Utilizando experimentos laboratoriais pré-clínicos com neurônios cultivados, os pesquisadores desenvolveram anticorpos projetados para bloquear a GPNMB. Os anticorpos impediram com sucesso a patologia da alfa-sinucleína de se espalhar de uma célula para outra.

“Esses resultados sugerem que a doença de Parkinson pode ser impulsionada por um ciclo de auto-reforço — a alfa-sinucleína se acumula nos neurônios, danificando-os. A lesão aos neurônios inicia a liberação de GPNMB, que acelera a propagação da alfa-sinucleína, levando a mais danos,” disse Chen-Plotkin. “Interromper esse ciclo esperançoso desaceleraria, ou até mesmo pararia, a propagação da alfa-sinucleína pelo cérebro e a neurodegeneração que se segue.”

Análise do Cérebro Humano Apoia as Descobertas

Para examinar se os resultados eram relevantes em humanos, os pesquisadores analisaram amostras de tecido de 1.675 cérebros armazenados no Banco de Cérebro da Pensilvânia.

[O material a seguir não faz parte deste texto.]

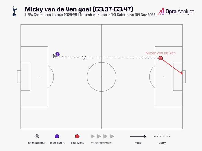 欧冠联赛阶段第四轮,热刺主场4-0大胜哥本哈根,热刺后卫范德芬在下半场长途奔袭打入一球,范德芬带球奔袭距离为67.7米,为有统计以来欧冠最长的奔袭破门距离。比赛第64分钟,热刺后卫范德芬从后场带球奔袭,10秒后在对方禁区内劲射破门。范德芬带球奔袭67.7米后破门得分,这是自2015-16赛季有统计以来欧冠联赛最长的奔袭破门距离。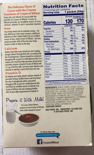 Instant Cream of Wheat, Cream of Rice, Cream of Wheat Flavors Our Favorites. Cocoa Nut with Real Almonds. Maple Brown Sugar. Original 2½ Minute. Original. Cream of wheat Nutrition Facts - Eat This Much Cream of wheat Nutrition Facts - Eat This Much Cream of wheat Cereals, instant, prepared with water, without salt Report a problem with this food Find on Amazon Percent calories from... Quick stats 149.4 Calories 31.5g Carbs (30.1g net carbs) 0.6g Fat 4.4g Protein Estimated $0.15 Try our free Diet Generator I want to eat calories in meals. The Untold Truth Of Cream Of Wheat - Mashed.com Jan 4, 2022 · Generally referred to as farina cereal, Cream of Wheat is a porridge made from the endosperm of the wheat grain. Per Flour.com, the endosperm is the source of white flour and makes up the bulk of the wheat grain, at about 83% by weight. Cream of Wheat is popular as a delicious, filling breakfast option, and according to its manufacturer's ... Cream of Wheat, Cream of Rice - Hot Breakfast Cereal and More Cream of Wheat®. Simply good food that warms and nourishes both body and soul. Our Favorites Cocoa Nut with Real Almonds Maple Brown Sugar Original 2½ Minute Original Banana Walnut Cocoa Nut with Real Almonds Maple Brown Sugar Original 2½ Minute Original Banana Walnut Cocoa Nut with Real Almonds Maple Brown Sugar Original 2½ Minute Find Your Flavor

A equipe descobriu que indivíduos portadores de variantes genéticas associadas a uma maior produção de GPNMB também apresentavam uma patologia mais extensa de alfa-sinucleína. De acordo com os pesquisadores, isso fornece evidências sólidas de que a GPNMB desempenha um papel significativo na progressão da doença de Parkinson em humanos.

Importante, níveis elevados de GPNMB não estavam conectados a marcadores associados a outras condições neurodegenerativas, incluindo a doença de Alzheimer.

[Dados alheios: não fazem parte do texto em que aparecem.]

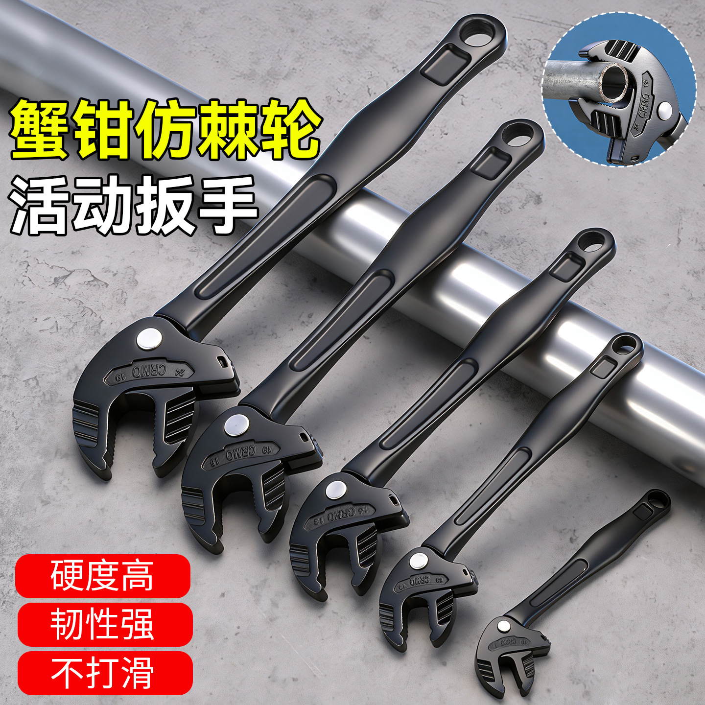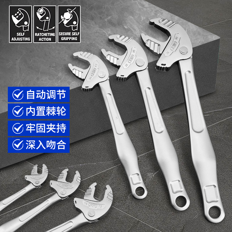 新款蟹钳式活动扳手多功能快速自适应仿棘轮工业级大开口扳手工具

“Esses resultados são promissores para modelos laboratoriais e análise de tecido cerebral humano, mas ainda temos muito trabalho a fazer antes de podermos traduzir essa terapia para seres humanos,” disse Chen-Plotkin. “Dito isso, esses resultados são encorajadores à medida que continuamos a trabalhar em direção a um tratamento inovador para a DP.”

O estudo recebeu apoio do Instituto Nacional de Saúde (R37 NS115139, P30 AG010124, U19 AG062418, P01 AG084497), SPARK-NS, da Cátedra da Família Parker e do Fundo da Família Lipman.